B. Trauma dinding belakang faring oleh benda asing seperti tulang ikan atau tindakan medis, seperti adenoidektomi, intubasi trakea, dan endoskopi C. Tuberculosis vertebra servikalis bagian atas (abses dingin)

5. Abses Parafaring Ruang parafaring dapat mengalami infeksi dengan cara: a. Langsung, yaitu akibat tusukan jarum pada saat melakukan tonsilektomi dengan analgesia. Peradangan terjadi karena ujung jarum suntik yang telah terkontaminasi kuman menembus lapisan otot tipis (m. konstriktor faring superior) yang memisahkan ruang parafaring dari fosa tonsilaris. b. Proses supurasi kelenjar linfa leher bagian dalam, gigi, tonsil, faring, hidung, sinus paranasal, mastoid dan vertebra servikal dapat merupakan sumber infeksi untuk terjadinya abses ruang parafaring. c. Penjalaran infeksi dari ruang peritonsil, retrofaring atau submandibula. Gejala dan tanda yang utama ialah trismus, indurasi atau pembengkakan di sekitar angulus mandibula, demam tinggi dan pembengkakan dinding lateral faring, sehingga menonjol ke arah medial. 6. Abses Submandibula Ruang submandibula terdiri dari ruang sublingual dan ruang submaksila. Ruang sublingual dipisahkan dari ruang submaksila oleh otot milohioid. Ruang submaksila selanjutnya dibagi lagi atas ruang submental dan ruang submaksila (lateral) oleh otot digastrikus anterior. Namun ada pembagian lain yang tidak menyertakan ruang sublingual ke dalam ruang submandibula dan membagi ruang submandibula atas ruang submental dan ruang submaksila saja. Abses dapat terbentuk di ruang submandibula atau salah satu komponennya sebagai kelanjutan infeksi dari daerah kepala leher. Infeksi dapat bersumber dari gigi, dasar mulut, faring, kelenjar limfe, submandibula. Mungkin juga sebagian kelanjutan infeksi ruang leher dalam lain. Kuman penyebab biasanya campuran dapat kuman aerob dan anaerob.
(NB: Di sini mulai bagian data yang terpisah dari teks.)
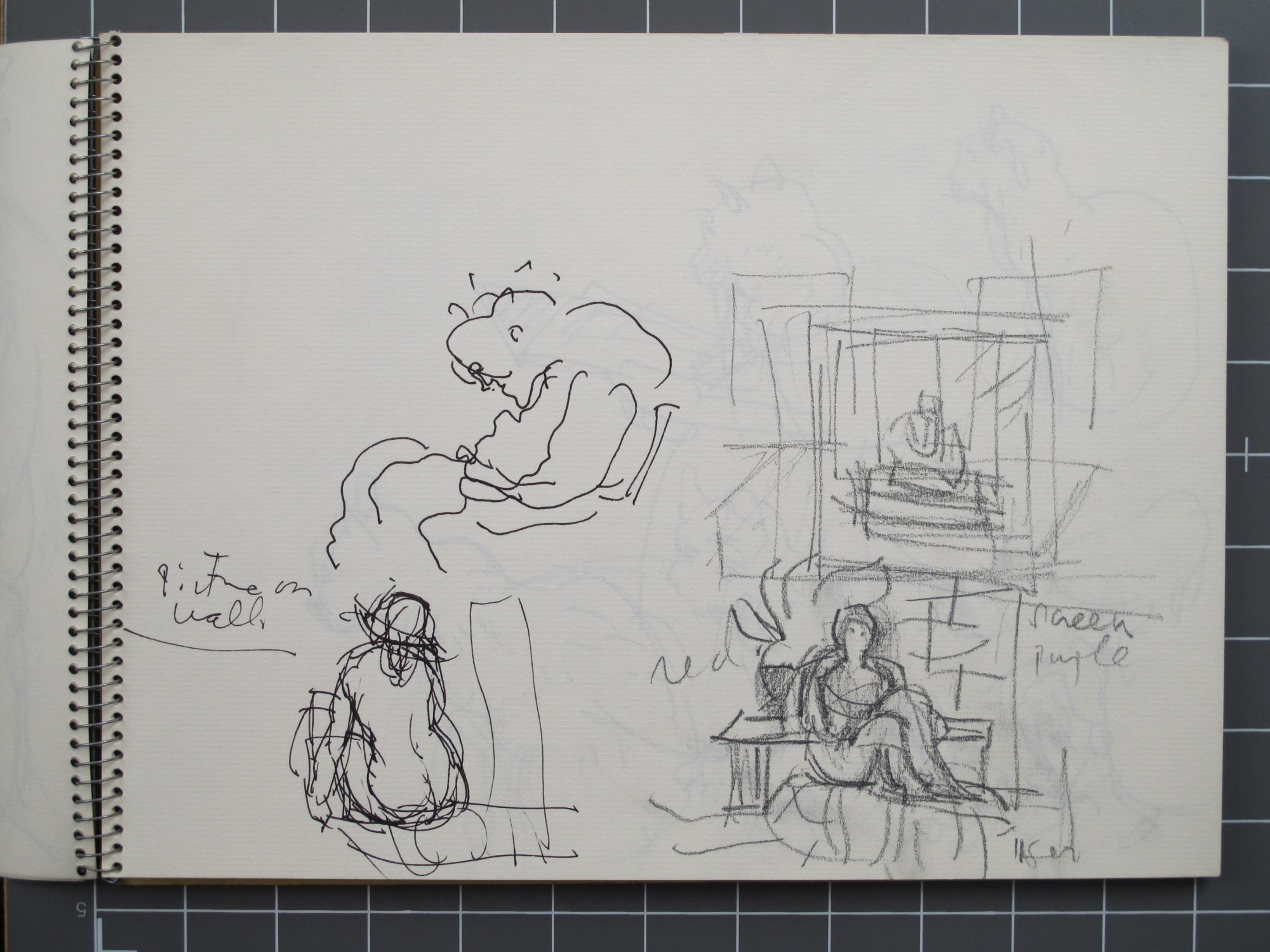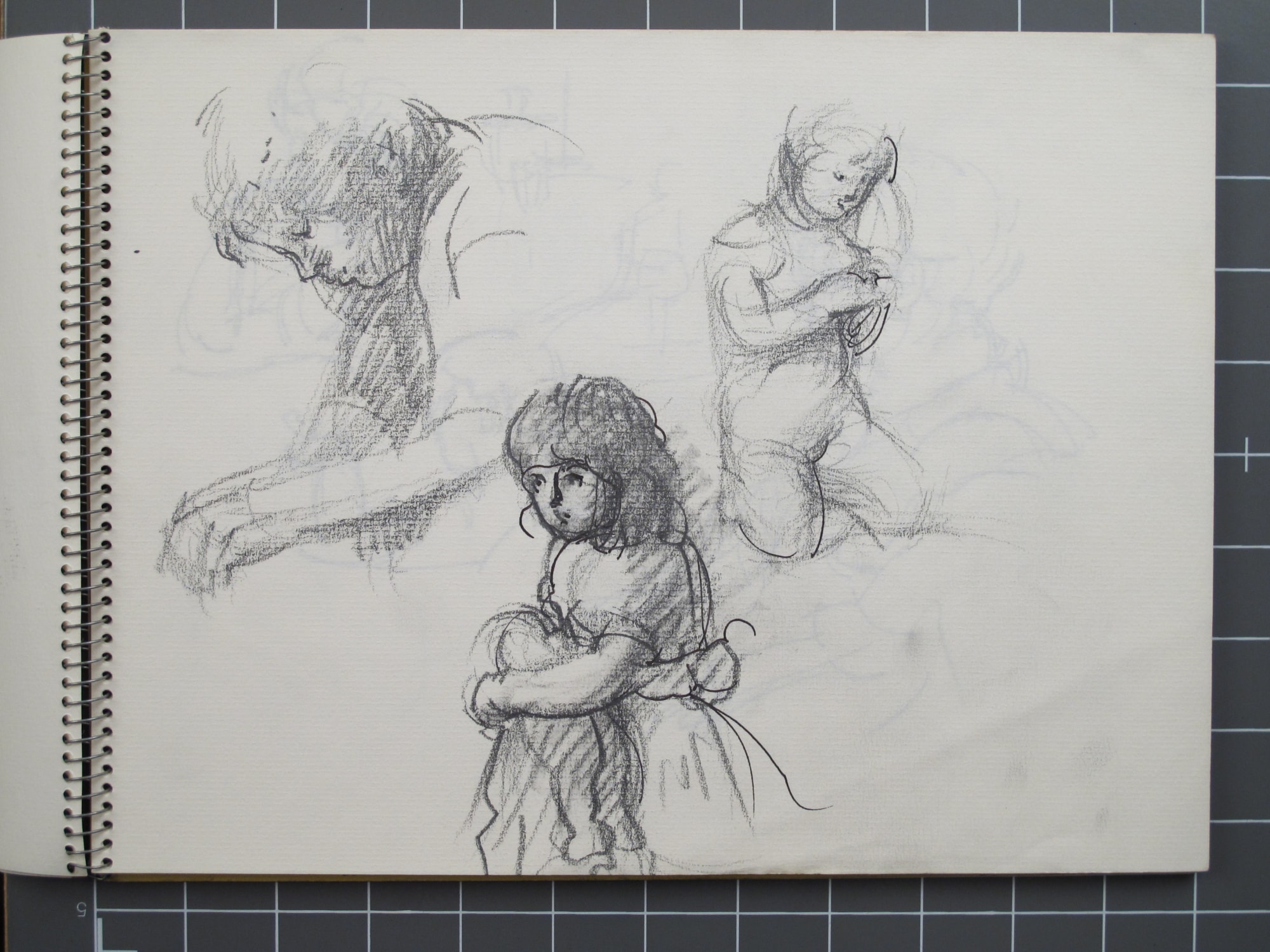 • Sketchbook #1977 pencil and ink figures sketches, 9x12
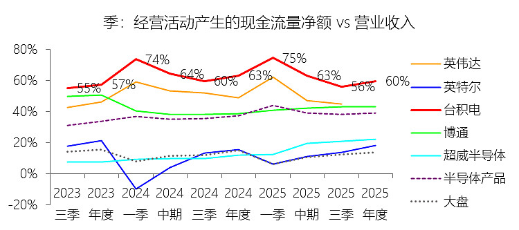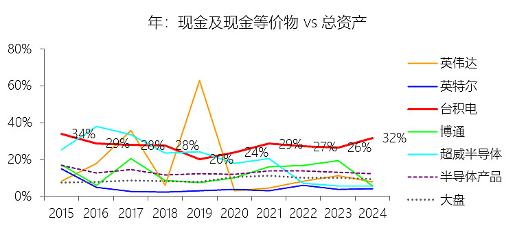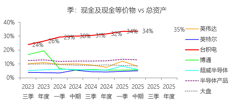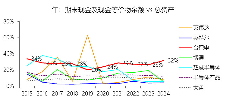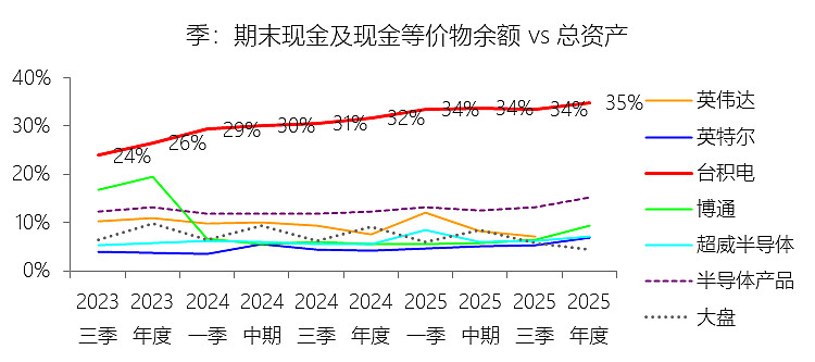 期末现金及现金等价物余额:2025年末,台积电的期末现金及现金等价物余额为900.58亿美元,对比年初增长35.28%,与总资产的比例为34.89%,同比上升3.1个百分点;2015-2024年(十年),此项合计为3030.89亿美元,平均比例为27.80%,比半导体产品行业的均值高14.54个百分点,长期呈下降趋势。

Gejala yang muncul adalah nyeri leher disertai pembengkakan dibawah mandibula dan atau dibawah lidah, mungkin berfluktuasi. 7. Angina Ludovici Angina Ludovici adalah infeksi ruang submandibula berupa selulitis dengan tanda khas berupa pembengkakan seluruh ruang submandibula, tidak terbentuk abses, sehingga keras pada

perabaan submandibula. SUmber infeksi sering kali berasal dari gigi atau dasar mulut, oleh kuma aerob dan anaerob. Terdapat nyeri tenggorok dan leher, disertai pembengkakan di daerah submandibula, yang tampak hiperemis dan keras pada perabaan. Dasar mulut membengkak, dapat mendorong lidah ke atas belakang sehingga menimbulkan sesak napas, karena sumbatan jalan napas. V. TRAUMA Massa pada leher akibat trauma jarang terjadi. Umumnya dokter dan pasien menghubungkan massa pada leher dikarenakan sebab lain selain trauma. Massa pada leher akibat trauma bisa disebabkan karena luka tajam atau tembak yang mengenai sserabut otot plastisma leher. Sebab lain massa pada leher akibat trauma dapat kita dijumpai pada cedera vascular yang dapat menyebabkan fistula arteriovenosus, laringocele yang sering kita jumpai pada pemain terompet, dan divertikulum zenker (24,25). III.3.1 Massa akibat trauma benda tajam dan peluru (25) Trauma benda tajam atau peluru yang mengenai leher dapat mencederai serabut oto plastima leher. Luka tersebut dapat berupa luka tembak dan luka tajam. Cedera pada leher 5-10% kasus merupakan kasus emergensi. Untuk cedera pada leher yang dapat menyebabkan kematian sekitar 30% kasus. Kematian paling sering akibat cedera pembuluh darah besar seperti vena dan arteri carotis dan subklavia. Klasifikasi cedera pada leher dapat di sengaja dan tidak sengaja. Alat yang digunakan dapat dibagi menjadi benda tajam(pisau, gunting dan lain-lain) dan tembak (peluru dan proyektil). Setiap luka mempunyai karekterikstik tertentu dalam pembedahannya. III.3.2 Fistula karotis-cavernosa merupakan hubungan yang abnormal dari system arteri dan vena dalam sinus cavernosus pada tengkorak. Ini merupakan jenis dari fistula arteriovenous, dimana terbagi menjadi beberapa stadium kelainan sirkulasi pada fistel arteriovenousus. Pada stadium dini terdapat flekbektasi yaitu pelebaran vena di distal maupun proksimal fistel. Pada stadium kedua terhadi kompensasi jantung yang diperlihatkan dengan curah jantung yang meningkat. Juga terdapat tanda awaliskemik perifer. Pada stadium ketiga ditemukan dekompensasi jantung dengan tanda bendungan jantung dan oedema. Terlihat pelebaran pembuluh darah kea rah sentral dan massa fistel arteriovenosus berupa aneurisma. (gambar III.5.fistula karotis kavernosa) Fistula karotis-cavernosa bias terjadi luka tertutup atau terbuka pada trauma kepala, komplikasi dari pembedahan, rupture dari aneurisma intravena dan lain-lain. III.3.3. Divertikulum Zenker(30)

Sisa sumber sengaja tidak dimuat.